Current Dax rate: Dax gives way slightly

Dusseldorf The German stock market starts the new trading week in a friendly manner, but slips further down the line. In afternoon trading, the leading German index Dax is down around 0.2 percent and is trading at 10,559 points.

The negative signs are increasing: According to a study, the Germans will put more money on the high edge this year.
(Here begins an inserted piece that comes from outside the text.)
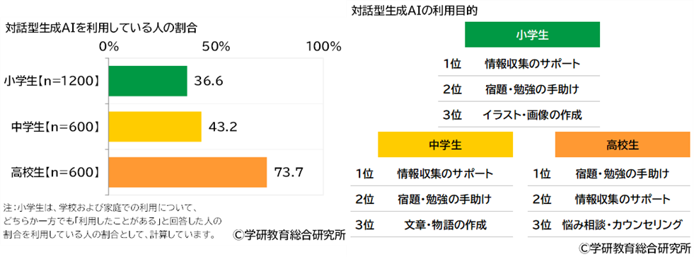 使用目的TOP3「情報収集のサポート」「宿題・勉強の手助け」「文章・物語の作成」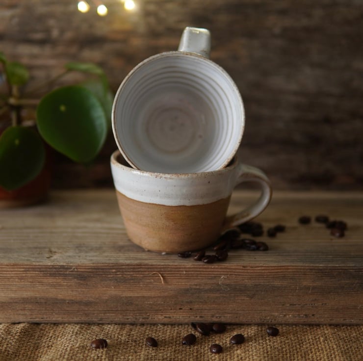 Hand thrown on the potter's wheel from a toasty dark clay. They are glazed in a white glaze which breaks brown on texture giving a rustic look. The exterior rim is glazed and the lower part of the mug is bare clay which gives a lovely textural feel in the hand.

The savings rate is expected to climb to 12.5 percent this year from 10.9 percent in 2019, the economists at DZ Bank calculate. That is the highest private savings rate since 1992.

According to DZ Bank, uncertainties about job security and income prospects in particular contribute to a greater propensity to save. In return, consumption will shrink accordingly.

For example, less durable consumer goods such as cars would be bought. Private consumption in Germany is likely to fall by 2.8 percent, which would be the worst slump since reunification. The slump in consumption increases the proportion of savings in disposable income.

Overall, the disposable income of private households is expected to shrink by 1.1 percent this year, according to the DZ Bank experts. That would be the first decline since the 2009 financial crisis.

And according to the VDMA industry association, machine builders in Germany are increasingly feeling the drop in orders due to the corona crisis. In mid-April, 89 percent of the companies surveyed said they were affected by the effects of the pandemic. Overall, 45 percent of the companies report noticeable, 32 percent of those surveyed even serious order losses or cancellations.

As a result, the prices of cyclical stocks in particular are slipping. Daimler leads the list of losers with a minus of around 2.6 percent, as does the supplier Continental. In return, shares in non-cyclical companies such as the medical technology group Fresenius Medical Care (plus 3.2 percent) and the reinsurer Munich Re (plus 2.5 percent).

Investor sentiment is currently “wait and see neutral”, the possibility of a continuation of the recovery rally is limited in the short term, the risk of a setback is greater. This can also be seen in the current evaluation of the weekly Handelsblatt survey Dax-Sentiment.

Because surprisingly, the investment rate of investors is again at a relatively high level. This can also be seen from the overbought condition of the US selection index S&P 500, which rose too quickly after the price slump.

The insider barometer shows a similar picture, which analyzes the trading of Germany’s board of directors and supervisory boards in the shares of their company. Because with the recovery on the stock markets, insider buying has decreased.

The executives, who know their companies better than anyone else, go bargain hunting if they think their company’s shares on the stock market are undervalued. That is no longer so clearly the case.

Olaf Stotz, a professor at the Frankfurt School of Finance & Management, would only be able to support a new, larger rush of directors and supervisory boards to buy shares in their own companies Dax-Stands around 8500 points expected.

Look at individual values

Deutsche Bank: Germany’s largest money house is preparing for higher credit risks in the wake of the corona crisis. Actually, CEO Christian Sewing had promised a black zero in operating profit for 2020 after a billion minus in the previous year.

However, analysts now expect the bank to face a loss of around two billion euros. The share is down 1.8 percent.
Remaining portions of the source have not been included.